• Data shown:
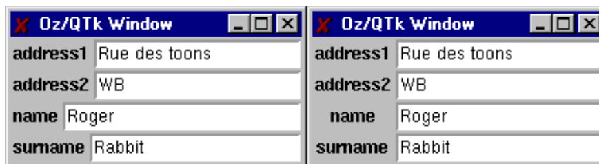
Fig. 1. Windows generated by applying mapping rules.

The idea of the model-based approach underlying QTk [7] is to map records describing starting models (typically, a domain model) onto widgets (typically, a presentation and a dialog model) according to the following mapping rules: a record is mapped onto a widget according to selection rules [19], its label is mapped onto the widget type, and any feature, e.g., to set the initial value, is mapped onto any widget parameter. The example label(text:"surname") declares a label widget which initially displays the text surname. The geometry management is defined by container widgets ( td for top-down and lr for left-right) and not by a separate mechanism. Functions 1 and 2 of Section 2.1.4 give rise to the windows depicted in Fig. 1.
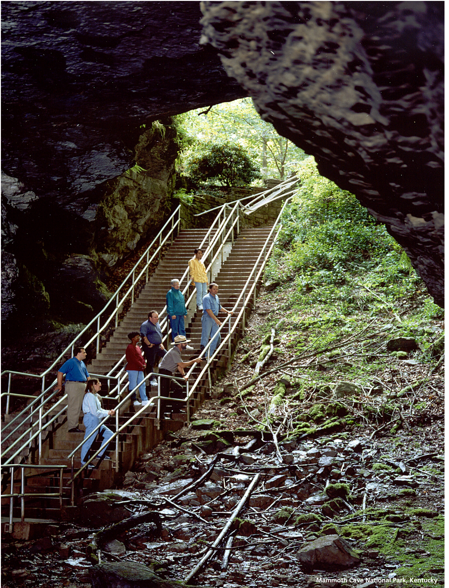
Mammoth Cave National Park, Kentucky
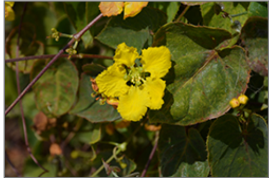
Orchid Vine flowers

• Task description:
When you write out the data, keep every line exact and drop the pictures.

• Your solution:
Fig. 1. Windows generated by applying mapping rules.

The idea of the model-based approach underlying QTk [7] is to map records describing starting models (typically, a domain model) onto widgets (typically, a presentation and a dialog model) according to the following mapping rules: a record is mapped onto a widget according to selection rules [19], its label is mapped onto the widget type, and any feature, e.g., to set the initial value, is mapped onto any widget parameter. The example label(text:"surname") declares a label widget which initially displays the text surname. The geometry management is defined by container widgets ( td for top-down and lr for left-right) and not by a separate mechanism. Functions 1 and 2 of Section 2.1.4 give rise to the windows depicted in Fig. 1.
Mammoth Cave National Park, Kentucky
Orchid Vine flowers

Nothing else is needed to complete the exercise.